PROBLEM DETAILS: In the entries below, find the line with "事發於昨日中午一時許,五名人" and the line with "The initial habitat"; copy them and every line between them exactly, but not the pictures.

───── MATERIAL SHOWN ─────

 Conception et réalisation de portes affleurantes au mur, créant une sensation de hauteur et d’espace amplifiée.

─────
───── MATERIAL SHOWN ─────

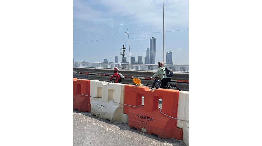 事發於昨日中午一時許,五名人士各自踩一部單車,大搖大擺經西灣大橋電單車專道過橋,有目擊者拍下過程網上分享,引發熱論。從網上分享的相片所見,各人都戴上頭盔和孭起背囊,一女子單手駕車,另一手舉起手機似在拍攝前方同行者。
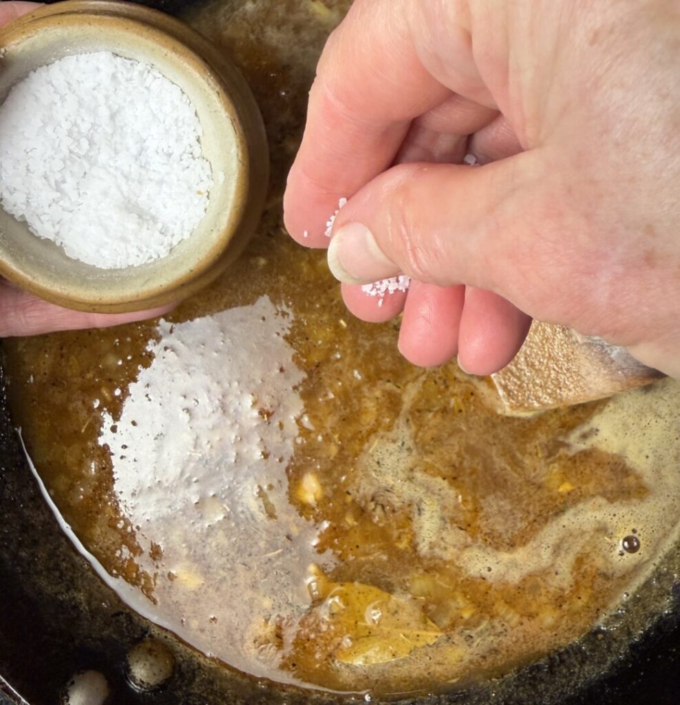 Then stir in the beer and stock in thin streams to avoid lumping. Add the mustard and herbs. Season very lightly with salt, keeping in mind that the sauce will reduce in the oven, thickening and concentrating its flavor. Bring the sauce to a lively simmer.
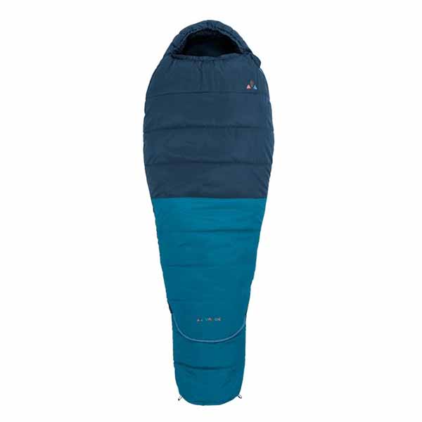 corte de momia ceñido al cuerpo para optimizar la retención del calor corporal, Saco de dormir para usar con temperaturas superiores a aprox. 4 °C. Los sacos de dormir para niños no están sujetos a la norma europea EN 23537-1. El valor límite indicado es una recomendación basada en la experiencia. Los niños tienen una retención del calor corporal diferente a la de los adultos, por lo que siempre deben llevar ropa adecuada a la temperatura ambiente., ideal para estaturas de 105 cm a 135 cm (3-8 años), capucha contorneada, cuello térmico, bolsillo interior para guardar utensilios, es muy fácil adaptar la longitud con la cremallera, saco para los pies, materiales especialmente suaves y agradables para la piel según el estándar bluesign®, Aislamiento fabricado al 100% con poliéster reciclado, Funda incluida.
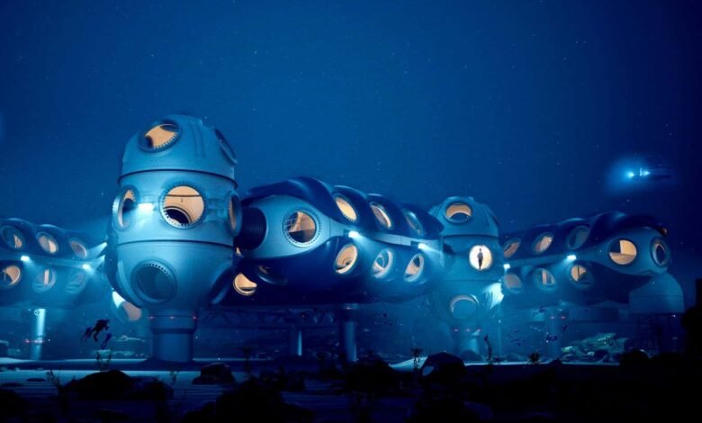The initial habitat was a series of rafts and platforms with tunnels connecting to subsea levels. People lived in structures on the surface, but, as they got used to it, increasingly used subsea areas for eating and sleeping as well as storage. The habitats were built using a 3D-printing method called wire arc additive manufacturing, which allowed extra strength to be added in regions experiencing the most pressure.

─────

SOLUTION TO THIS TASK:
 事發於昨日中午一時許,五名人士各自踩一部單車,大搖大擺經西灣大橋電單車專道過橋,有目擊者拍下過程網上分享,引發熱論。從網上分享的相片所見,各人都戴上頭盔和孭起背囊,一女子單手駕車,另一手舉起手機似在拍攝前方同行者。
 Then stir in the beer and stock in thin streams to avoid lumping. Add the mustard and herbs. Season very lightly with salt, keeping in mind that the sauce will reduce in the oven, thickening and concentrating its flavor. Bring the sauce to a lively simmer.
 corte de momia ceñido al cuerpo para optimizar la retención del calor corporal, Saco de dormir para usar con temperaturas superiores a aprox. 4 °C. Los sacos de dormir para niños no están sujetos a la norma europea EN 23537-1. El valor límite indicado es una recomendación basada en la experiencia. Los niños tienen una retención del calor corporal diferente a la de los adultos, por lo que siempre deben llevar ropa adecuada a la temperatura ambiente., ideal para estaturas de 105 cm a 135 cm (3-8 años), capucha contorneada, cuello térmico, bolsillo interior para guardar utensilios, es muy fácil adaptar la longitud con la cremallera, saco para los pies, materiales especialmente suaves y agradables para la piel según el estándar bluesign®, Aislamiento fabricado al 100% con poliéster reciclado, Funda incluida.
The initial habitat was a series of rafts and platforms with tunnels connecting to subsea levels. People lived in structures on the surface, but, as they got used to it, increasingly used subsea areas for eating and sleeping as well as storage. The habitats were built using a 3D-printing method called wire arc additive manufacturing, which allowed extra strength to be added in regions experiencing the most pressure.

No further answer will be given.